Items listed in a dataset:
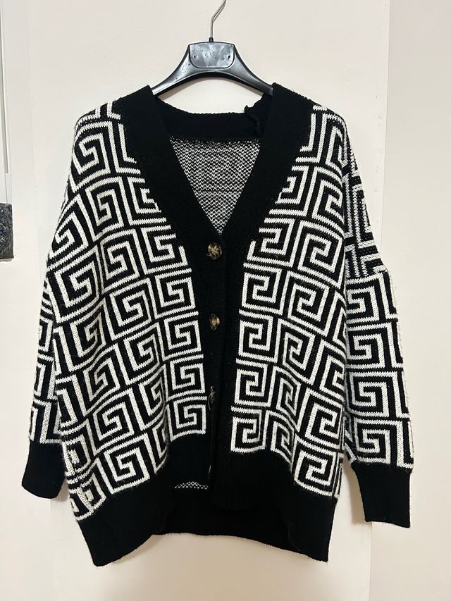 Cardigan geometrico nero e bianco
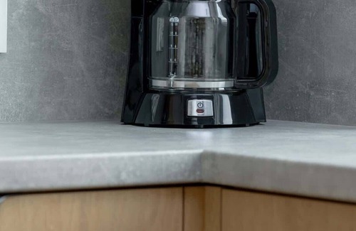 Induction hob, fridge with freezer, microwave, electric kettle, coffee machine (pour-over), kitchenware
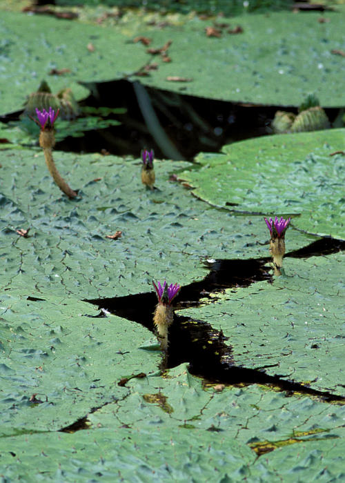 花は長い花柄の先に1個つき、径約4cm。花弁は多数あり、広披針形〜倒披針形で鈍頭、紫色、長さ6〜10cm。雄しべは多数あり、花糸の長さは不揃いで葯は長さ3〜3.5mm。子房下位で普通8室あり、柱頭は盤状でへこむ。萼片は4個、長楕円状披針形で鈍頭、長さ約20mm、緑色で外面に刺があり、基部で合着して萼筒となり、内面は紫色。花は昼開き、夜閉じる。水中には多数の閉鎖花をつける。
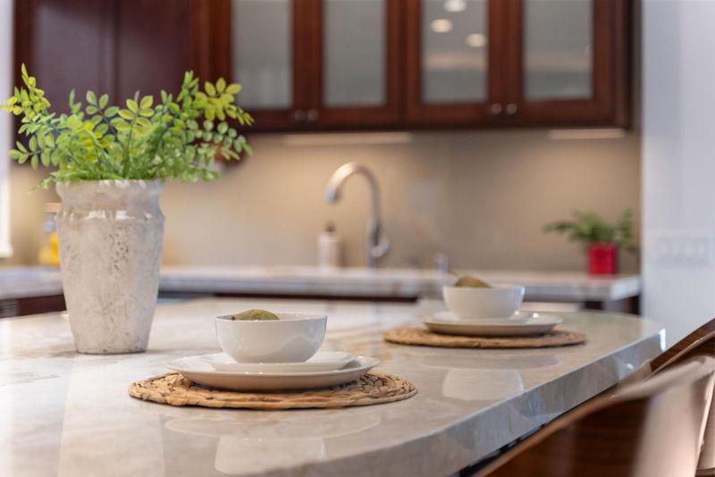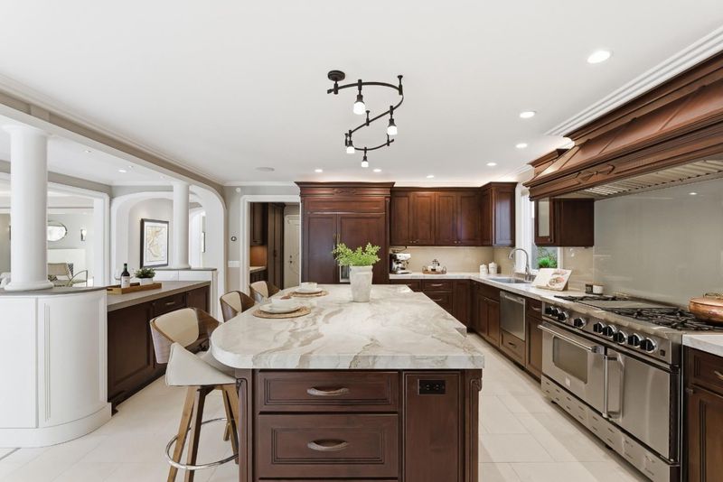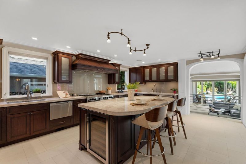 - Countertop - Quartz, Dishwasher, Garbage Disposal, Hood Over Range, Island, Microwave, Oven Range - Gas, Refrigerator, Wine Refrigerator
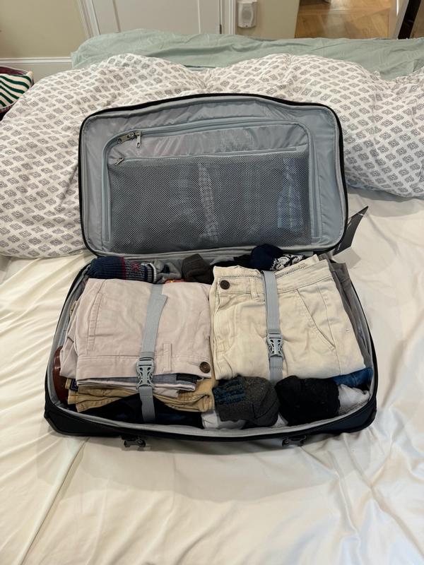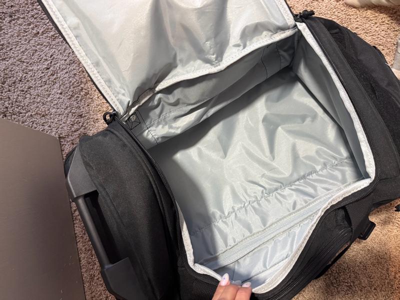 The High Sierra Pathsetter Carry-On wheeled duffel has so much storage! I used to use a traditional wheeled carry on bag, but this bag is so much better. Super durable and is made with quality material. Love all the different storage compartments and it has some external storage pockets with easy access.
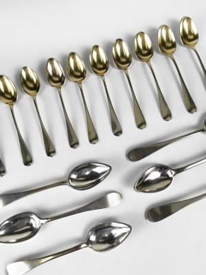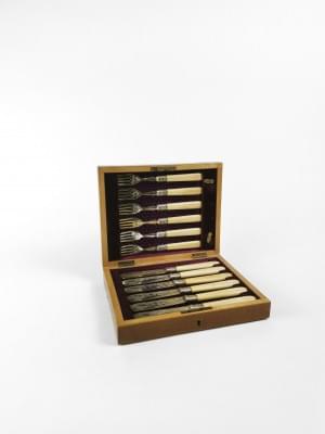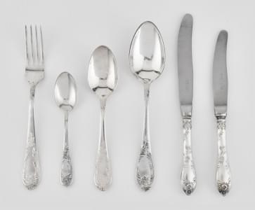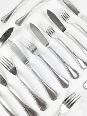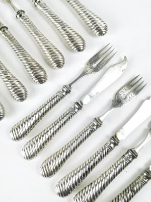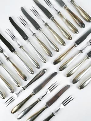 Jezler, argent, 12 fourchettes et 12 couteaux à dessert
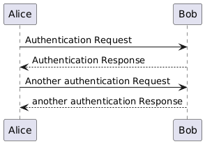 <uml> Alice -> Bob: Authentication Request Bob --> Alice: Authentication Response Alice -> Bob: Another authentication Request Alice <-- Bob: another authentication Response </uml>
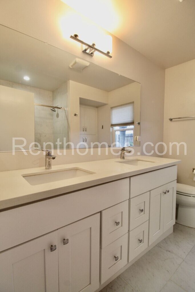 Welcome home to this beautifully remodeled single level home in the 55+ Seven Oaks community of Rancho Bernardo. Conveniently located about 2/10 mile from the Seven Oaks community facilities including community pool, spa, shuffleboard and many clubs and activities. Near Shopping and freeway access. Dual pane windows and laminate wood flooring throughout. Living room has recessed lighting and a gas log fireplace. Eat in kitchen has recessed lighting, sparkling granite counters and stainless steel appliances. Bedroom #1 has a ceiling mounted light fixture and direct access to the hall bathroom. Spacious hall bathroom has tile floors, quartz vanity, custom cabinetry and stainless-steel appliances. Master bedroom has a ceiling mounted light fixture, 2 closets (one with mirrored wardrobe doors), alcove that is perfect for a desk or reading chair, tile bathroom floors, quartz vanity with double sinks and a tub/shower combo. If you are interested, please drive by the home to see if the location and neighborhood meet your needs, then call American Heritage Properties at and we will be happy to set an appointment to show you the home. To see our complete listings or to apply now visit our website at
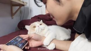 แมวในประเทศไทยโอบกอดเจ้าของมือของเขาในขณะที่เขาเล่นกับมือถือของเขา.
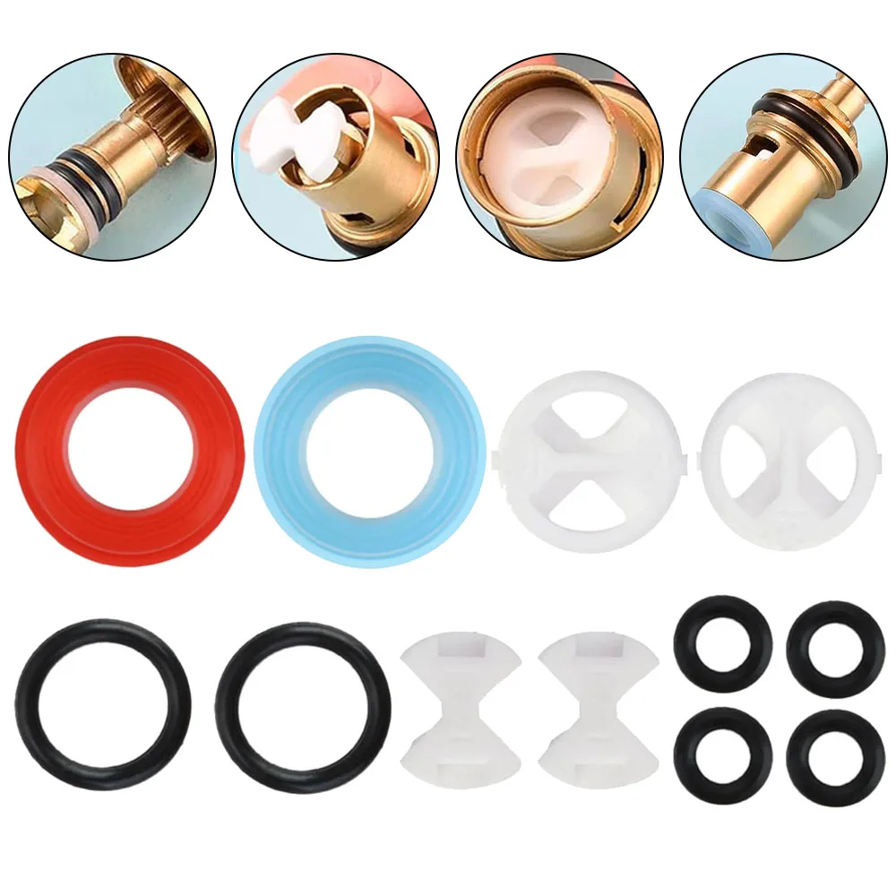 *Package includes: This tap valve cartridge replacement kit includes 2 fan-shaped valve discs, 2 round valve discs (forward + reverse), 2 large O-ring washers, 4 small O-ring washers, and 2 silicone washers (blue + red), providing a total of 12 pieces.
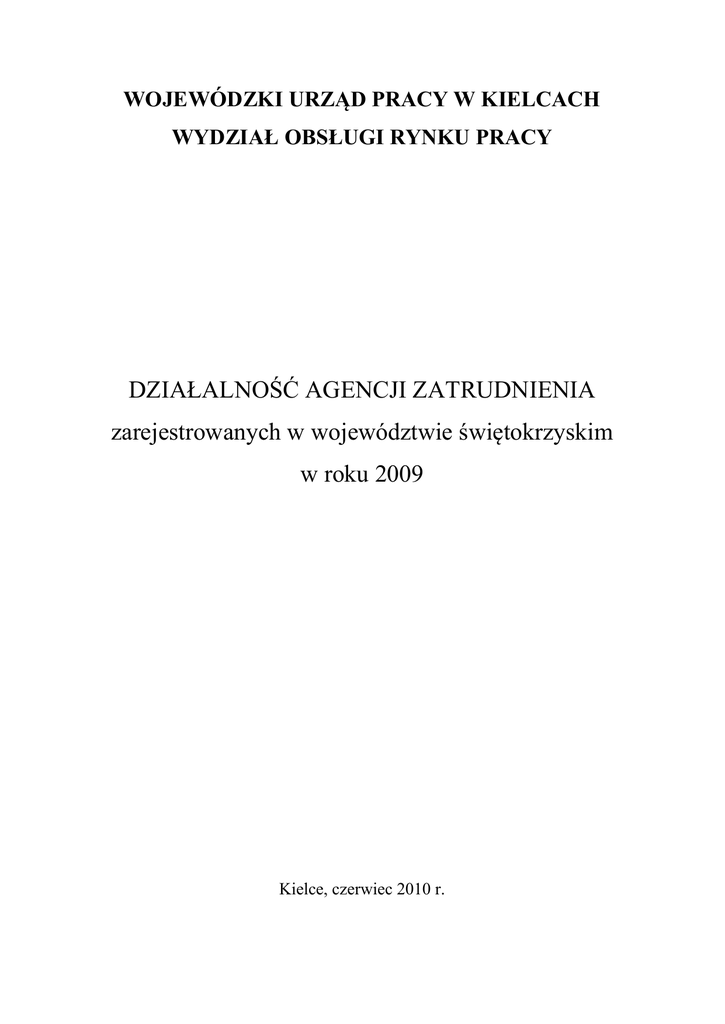WOJEWÓDZKI URZĄD PRACY W KIELCACH WYDZIAŁ OBSŁUGI RYNKU PRACY DZIAŁALNOŚĆ AGENCJI ZATRUDNIENIA zarejestrowanych w województwie świętokrzyskim w roku 2009 Kielce, czerwiec 2010 r. Działalność agencji zatrudnienia jest regulowana przepisami ustawy z dnia 2 lipca 2004 r. o swobodzie działalności gospodarczej (Dz. U. 173, poz. 1807 z późn. zm.) i podlega wpisowi do rejestru. Wojewódzki Urząd Pracy, działając w imieniu Marszałka Województwa Świętokrzyskiego, na mocy art. 8 ust.1 pkt 17, art. 18, art. 18a i art. 19 ustawy z dnia 20 kwietnia 2004 r. o promocji zatrudnienia i instytucjach rynku pracy (t.j. Dz. U. z 2008r. Nr 69, poz. 415 z późn. zm.), przepisów rozporządzenia Ministra Gospodarki i Pracy z dnia 13 października 2005 r. w sprawie wpisu do rejestru podmiotów prowadzących agencje zatrudnienia oraz informacji składanych przez agencje zatrudnienia (Dz. U. Nr 212, poz. 1770) prowadzi od dnia 1 listopada 2005 r. rejestr agencji zatrudnienia. Wpisowi do rejestru podlega działalność gospodarcza polegająca na świadczeniu usług w zakresie: 1) pośrednictwa pracy na terenie Rzeczypospolitej Polskiej; 2) pośrednictwa pracy za granicą u pracodawców zagranicznych obywateli polskich; 3) doradztwa personalnego; 4) poradnictwa zawodowego; 5) pracy tymczasowej. Wpis do rejestru agencji zatrudnienia jest potwierdzany certyfikatem, który od 1 lutego 2009 r. uprawnia do świadczenia jednej, kilku lub nawet wszystkich ww. usług. Rejestr podmiotów, które prowadzą agencje zatrudnienia jest jawny i osoby zainteresowane mogą się z nim zapoznać na stronie internetowej: www.kraz.praca.gov.pl. Rodzaje agencji zatrudnienia i zakres ich działania • Agencje pośrednictwa pracy: – zajmują się pośrednictwem pracy na terenie Polski oraz pośrednictwem do pracy za granicą u pracodawców zagranicznych, – udzielają pomocy bezrobotnym i poszukującym pracy, w tym również nie zarejestrowanym w urzędzie pracy, w uzyskaniu odpowiedniego zatrudnienia a pracodawcom w znalezieniu pracowników o odpowiednich kwalifikacjach. • Agencje doradztwa personalnego świadczą dla pracodawców usługi w zakresie: – prowadzenia analizy zatrudnienia; 2 określania kwalifikacji pracowników i ich predyspozycji zawodowych oraz – innych cech niezbędnych do wykonywania określonej pracy; wskazywania źródeł i metod pozyskania kandydatów na określone stanowiska – pracy; weryfikacji – kandydatów pod względem oczekiwanych kwalifikacji i predyspozycji. • Agencje poradnictwa zawodowego świadczą usługi polegające w szczególności na: – udzielaniu pomocy w wyborze odpowiedniego zawodu i miejsca zatrudnienia; – udzielaniu informacji zawodowych; – udzielaniu pracodawcom pomocy w doborze kandydatów do pracy na stanowiska wymagające szczególnych predyspozycji psychofizycznych. • Agencje pracy tymczasowej kierują pracowników do pracodawcy użytkownika w celu wykonywania pracy tymczasowej. Według stanu na dzień 31 grudnia 2009 r. w Polsce funkcjonowało 2 941 podmiotów posiadających wpis do rejestru agencji zatrudnienia, tj. o 870 podmiotów mniej niż na koniec 2008 r. W województwie świętokrzyskim w opisywanym okresie było 38 agencji zatrudnienia (stan ten nie zmienił się od 31 grudnia 2008 r.) Spośród tych agencji: • 34 świadczyły usługi w zakresie pośrednictwa na terenie Rzeczypospolitej Polskiej • 18 w zakresie pośrednictwa do pracy za granicą u pracodawców zagranicznych dla obywateli polskich, • 15 w zakresie doradztwa personalnego, • 14 w zakresie poradnictwa zawodowego oraz • 16 w zakresie pracy tymczasowej. Agencje zatrudnienia prowadziły działalność polegającą na świadczeniu kilku lub wszystkich ww. usług. Blisko połowa agencji (18) swoje siedziby posiada na terenie miasta Kielce. 3 Tabela I. Liczba czynnych agencji zatrudnienia wg stanu na dzień 31.12.2009 r. w podziale na województwa Ogółem Lp. 1 Województwo mazowieckie 691 2 śląskie 300 3 pomorskie 275 4 wielkopolskie 271 5 dolnośląskie 251 6 małopolskie 224 7 zachodnio-pomorskie 162 8 łódzkie 156 9 opolskie 137 10 kujawsko-pomorskie 103 11 lubelskie 90 12 podkarpackie 87 13 lubuskie 73 14 warmińsko-mazurskie 50 15 świętokrzyskie 38 16 podlaskie 33 Polska 2 941 Tabela II. Liczba agencji zatrudnienia wg typów agencji w województwie świętokrzyskim w latach 2006 - 2009 2006 2007 2008 2009 Agencje świadczące usługi pośrednictwa pracy na terenie RP Agencje świadczące usługi kierowania osób do pracy za granicą u pracodawców zagranicznych 23 26 27 34 20 21 19 18 Agencje świadczące usługi doradztwa personalnego Agencje świadczące usługi pracy tymczasowej 13 13 14 15 11 12 14 14 Agencje świadczące zawodowego 16 16 15 16 usługi poradnictwa 4 Działalność agencji zatrudnienia w woj. świętokrzyskim w 2009 r. I. Działalność agencji zatrudnienia w zakresie pośrednictwa pracy na terenie Rzeczypospolitej Polskiej. Liczba osób, które w 2009 r. skorzystały z usług agencji wyniosła 8 483, w tym 3 944 kobiet (46,5 %). W porównaniu z rokiem 2008 liczba ta zwiększyła się o 1309 osób. Ogólna liczba osób, które podjęły zatrudnienie lub inną prace zarobkową w 2009 r. za pośrednictwem agencji zatrudnienia wyniosła 668. Kobiety stanowiły 51,1 % wszystkich osób zatrudnionych. W porównaniu z danymi za rok 2008 (800 osób) liczba ta zmniejszyła się o 132 osoby, tj. o 16,5 %. Ponad połowę (51,9 %) ogólnej liczby osób zatrudnionych stanowiły osoby w przedziale wiekowym między 25 a 50 rokiem życia. Osoby młode – do 25 roku życia stanowiły 40,8 % ogółu zatrudnionych, zaś osoby starsze, po 50 roku życia – tylko 7,1 % ogółu osób zatrudnionych. Osoby, które podjęły pracę na podstawie stosunku pracy, tj. 396 osób (w tym 192 kobiety) stanowiły 59,2 % ogólnej liczby osób zatrudnionych. Tabela III. Informacja o działalności agencji zatrudnienia w zakresie pośrednictwa pracy na terenie Rzeczpospo

> _Work order_:
Repeat, without pictures, exactly the lines of the data above from the one containing "- Countertop - Quartz, Dishwasher, Garbage" through the one containing "Jezler, argent, 12", including both and adding nothing.

> _Task solution_:
 - Countertop - Quartz, Dishwasher, Garbage Disposal, Hood Over Range, Island, Microwave, Oven Range - Gas, Refrigerator, Wine Refrigerator
 The High Sierra Pathsetter Carry-On wheeled duffel has so much storage! I used to use a traditional wheeled carry on bag, but this bag is so much better. Super durable and is made with quality material. Love all the different storage compartments and it has some external storage pockets with easy access.
 Jezler, argent, 12 fourchettes et 12 couteaux à dessert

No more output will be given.